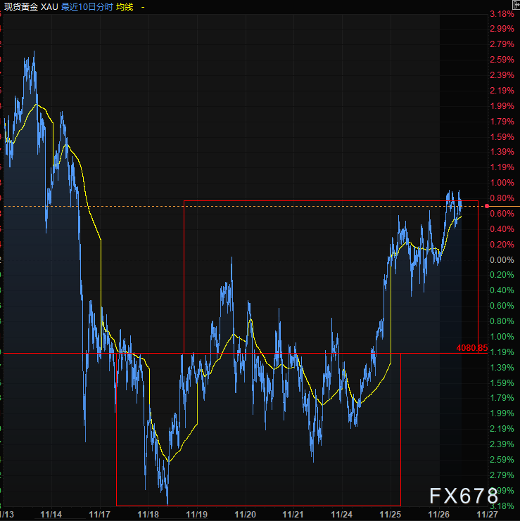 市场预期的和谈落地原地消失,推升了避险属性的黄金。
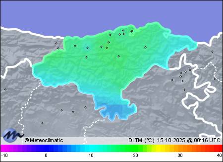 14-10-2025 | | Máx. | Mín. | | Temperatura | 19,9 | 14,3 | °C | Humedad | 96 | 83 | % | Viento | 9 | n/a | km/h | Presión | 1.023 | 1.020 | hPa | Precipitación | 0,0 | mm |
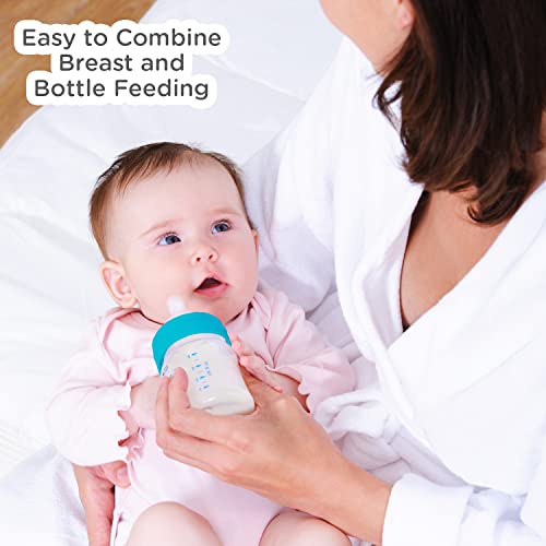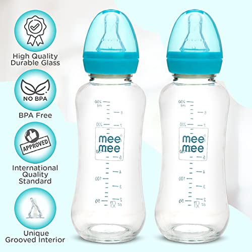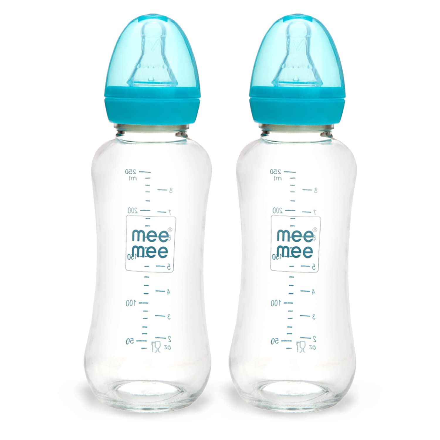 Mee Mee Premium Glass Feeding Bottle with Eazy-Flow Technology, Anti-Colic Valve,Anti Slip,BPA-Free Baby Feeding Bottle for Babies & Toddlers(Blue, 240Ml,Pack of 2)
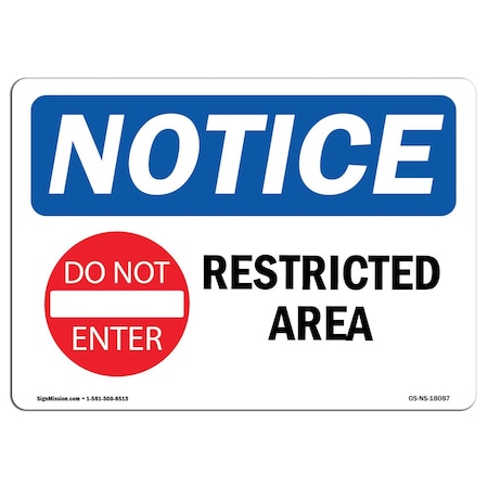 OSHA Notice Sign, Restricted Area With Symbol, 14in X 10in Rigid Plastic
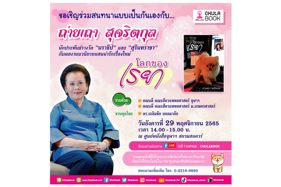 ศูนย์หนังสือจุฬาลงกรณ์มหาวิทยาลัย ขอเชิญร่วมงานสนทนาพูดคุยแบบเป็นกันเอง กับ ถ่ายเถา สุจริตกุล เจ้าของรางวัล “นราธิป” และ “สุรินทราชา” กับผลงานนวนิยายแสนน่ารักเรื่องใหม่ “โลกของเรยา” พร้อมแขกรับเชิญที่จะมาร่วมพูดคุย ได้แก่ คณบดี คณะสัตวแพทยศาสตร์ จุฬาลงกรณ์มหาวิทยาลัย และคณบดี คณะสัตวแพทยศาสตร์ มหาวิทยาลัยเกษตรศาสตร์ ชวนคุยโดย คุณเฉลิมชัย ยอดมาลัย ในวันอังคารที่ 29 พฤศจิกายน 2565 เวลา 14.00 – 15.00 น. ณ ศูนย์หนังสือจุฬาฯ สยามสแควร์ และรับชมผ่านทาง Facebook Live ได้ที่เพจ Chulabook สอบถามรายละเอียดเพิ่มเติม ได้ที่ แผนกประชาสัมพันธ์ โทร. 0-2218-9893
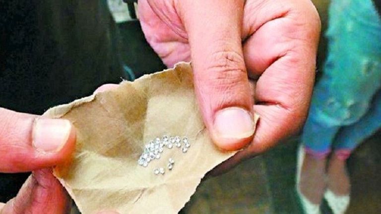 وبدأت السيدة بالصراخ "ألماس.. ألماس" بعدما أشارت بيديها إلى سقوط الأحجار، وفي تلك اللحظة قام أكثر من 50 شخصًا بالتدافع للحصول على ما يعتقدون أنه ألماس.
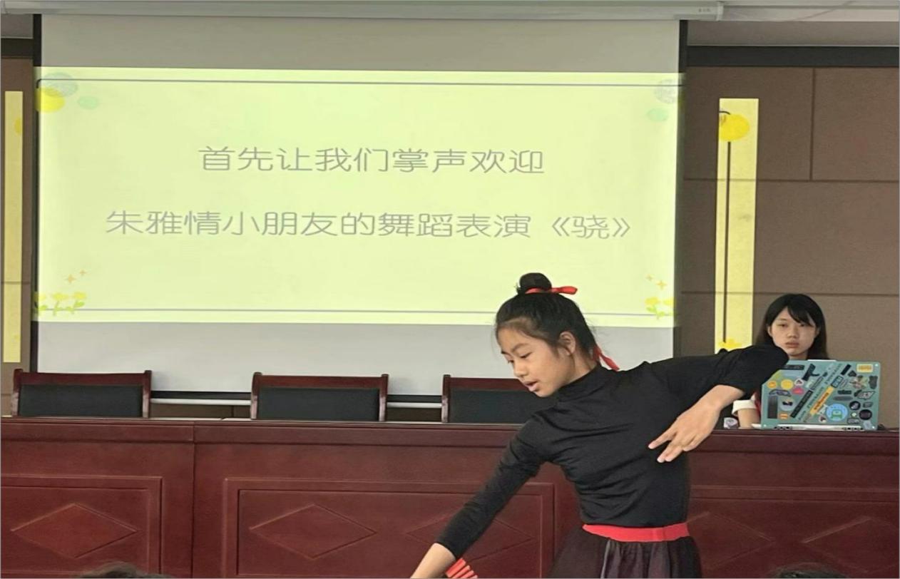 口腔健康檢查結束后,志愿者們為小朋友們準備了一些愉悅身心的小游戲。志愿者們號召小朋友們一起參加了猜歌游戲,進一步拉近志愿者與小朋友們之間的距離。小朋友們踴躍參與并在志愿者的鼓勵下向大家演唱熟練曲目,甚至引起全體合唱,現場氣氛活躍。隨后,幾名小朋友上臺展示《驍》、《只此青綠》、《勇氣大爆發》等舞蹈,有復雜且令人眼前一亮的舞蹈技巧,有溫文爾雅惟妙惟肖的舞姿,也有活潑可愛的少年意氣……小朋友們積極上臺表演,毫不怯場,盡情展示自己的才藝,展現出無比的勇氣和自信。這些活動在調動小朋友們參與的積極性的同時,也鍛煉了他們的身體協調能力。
========
(ACTIVITY): Look back over the records above. Reproduce exactly everything from the line with "Mee Mee Premium" down to the line with "OSHA Notice Sign, Restricted", inclusive, and leave the pictures out.

(EXERCISE OUTPUT):
 Mee Mee Premium Glass Feeding Bottle with Eazy-Flow Technology, Anti-Colic Valve,Anti Slip,BPA-Free Baby Feeding Bottle for Babies & Toddlers(Blue, 240Ml,Pack of 2)
 OSHA Notice Sign, Restricted Area With Symbol, 14in X 10in Rigid Plastic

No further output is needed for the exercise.